Однако толпа направлялась не ко дворцу. Тысячи экипажей с гербами всех самых знатных фамилий Германии стояли на улицах, прилегавших к императорскому дворцу. Что же привело их сюда: именины императора, бракосочетание, рождение наследника, смерть царствующей особы, похороны, поражение, победа? Что явилось причиной волнения в городе?
Оказывается, вся эта огромная толпа направлялась в Императорский театр, где в виде исключения выступала с бенефисом знаменитая танцовщица Розена Энгель, потому что театр у Каринтийских ворот был в ту пору на ремонте.
Танцовщица была на всю Европу знаменита своей красотой, добродетелью, своим талантом, и это вполне оправдывало радушие венской публики. Кроме того, поговаривали, что Розена выступает в австрийской столице в последний раз, а затем намерена отправиться в Россию, которая в те времена начинала переманивать из Западной Европы лучших актеров, художников, музыкантов.
Другие придерживались мнения, что она навсегда покидает сцену, потому что выходит замуж за принца Гессенского.
Наконец, третьи — надобно признать, что таких было меньше всего, — утверждали, что она уходит в монастырь.
Одним словом, существовало немало причин для волнения публики, вот почему толпа валила со всего города в надежде увидеть зрелище, которое никогда уже не повторится.
Но напрасно: еще за неделю до представления все билеты были проданы, и если бы зал мог вместить еще тридцать тысяч человек, было бы то же самое. Большое разочарование ожидало тех, кто, не поужинав, приехал в вечерних туалетах из Майдлинга, Хитцинга, Баумгартена, Бригитте — нау, Штадиау и других мест, расположенных на пять льё кругом: без билетов, купленных заранее, в театр никто не мог попасть.
Когда по рядам собравшихся на площади Парадов пронеслась новость о том, что все билеты давно проданы, толпа от досады, возмущения, злости закричала так, что стало слышно в Пратере. Нет сомнений в том, что разбушевавшиеся люди были готовы на крайность, но в эту минуту подъехавшие дворцовые экипажи остановились перед театром и, подобно плотине, заставили эту людскую реку вернуться в свое русло.

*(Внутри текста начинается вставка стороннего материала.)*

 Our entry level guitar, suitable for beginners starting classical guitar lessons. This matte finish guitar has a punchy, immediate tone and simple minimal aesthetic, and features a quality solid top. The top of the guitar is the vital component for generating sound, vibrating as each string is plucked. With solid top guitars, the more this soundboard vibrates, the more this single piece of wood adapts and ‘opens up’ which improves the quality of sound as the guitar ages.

Толпа — мы имеем в виду прежде всего австрийскую толпу — никогда по-настоящему не кипит злобой: ей лишь бы покричать! Но раз присутствие императорской семьи не позволяло толпе изрыгнуть ругательства, она вознаградила себя криками «Да здравствует император!», а вместо театрального представления довольствовалась, подобно живописно-поэтической памяти Рюи Блазу, созерцанием того, как из экипажей выходили следом за его величеством принцессы, эрцгерцогини, графини.

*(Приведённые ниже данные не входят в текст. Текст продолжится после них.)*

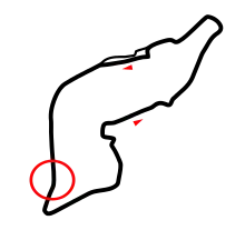 The next day, the second qualifying session proceeded as normal until the moment of his accident. Early in the session, Ratzenberger went off the track at the Acqua Minerale chicane.[9] With his sponsor in attendance for the first time, and at the halfway point of his contract, he decided to carry on, after checking the car to the best of his abilities.[4] Unknown to him, the minor incident had damaged his front wing; after a spin at the Tosa hairpin the previous lap, as he tried to turn into the high-downforce Villeneuve corner, it broke and became lodged under the car, which crashed into the outside wall at 314.9 km/h (195.7 mph).[10]
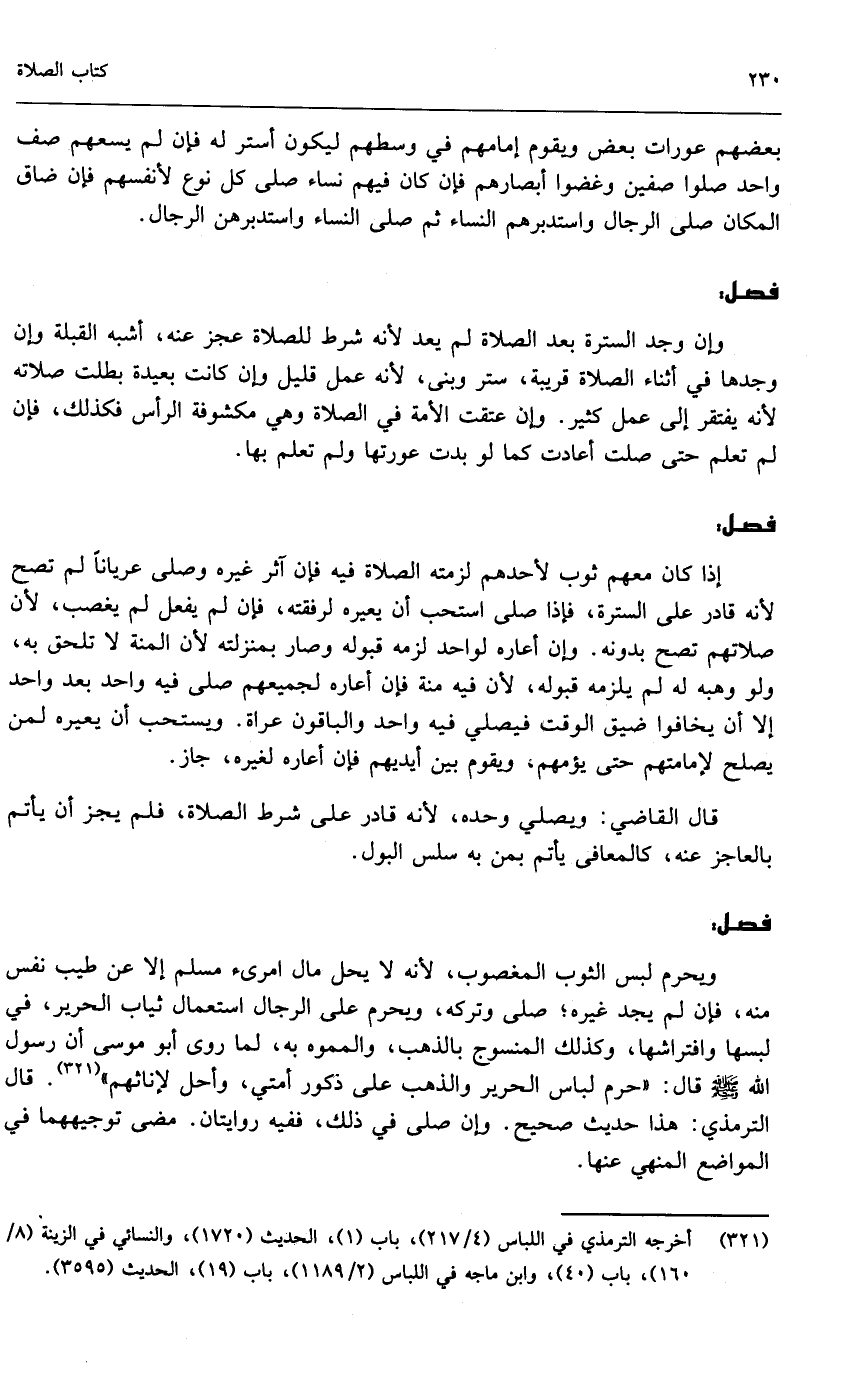 ويحرم لبس الثوب المغصوب، لأنه لا يحل مال امرئ مسلم إلا عن طيب نفس منه، فإن لم يجد غيره، صلى وتركه، ويحرم على الرجال استعمال ثياب الحرير، في لبسها وافتراشها، وكذلك المنسوج بالذهب، والمموه به، لما روى أبو موسى أن رسول الله - صَلَّى اللَّهُ عَلَيْهِ وَسَلَّمَ - قال: «حرم لباس الحرير والذهب على ذكور أمتي، وأحل لإناثهم» . قال الترمذي: هذا حديث صحيح. وإن صلى في ذلك، ففيه روايتان. مضى توجيههما في المواضع المنهي عنها.

Сколь это ни захватывающе, мы все же предпочитаем встретить именитых гостей, удобно устроившись в театральном кресле: наше звание драматурга, которое мы называем при входе в театр, дает нам право проникнуть туда без билета; недалеко от дверей стоит огромная серебряная чаша, куда избранная публика опускает подношения, предназначенные танцовщице, ведь это ее бенефис.
Зрительный зал Венского императорского театра в обыкновенные дни не поражал воображения, зато в тот вечер он радовал глаз необычайным убранством. Казалось, вы попали в какой-нибудь арабский дворец, где все переливается, сверкает, поет, дышит — бриллианты, жемчуга, кружева, женщины и цветы. В какую сторону ни взглянешь, повсюду напудренные лица, оголенные плечи — ни строгого мужского лица, ни черного фрака; это были цветущие поляны без мрачных древесных стволов, и можно было подумать, что какое-то невидимое божество взялось собрать воедино все, что было прекрасного в старом мире, и создать новый.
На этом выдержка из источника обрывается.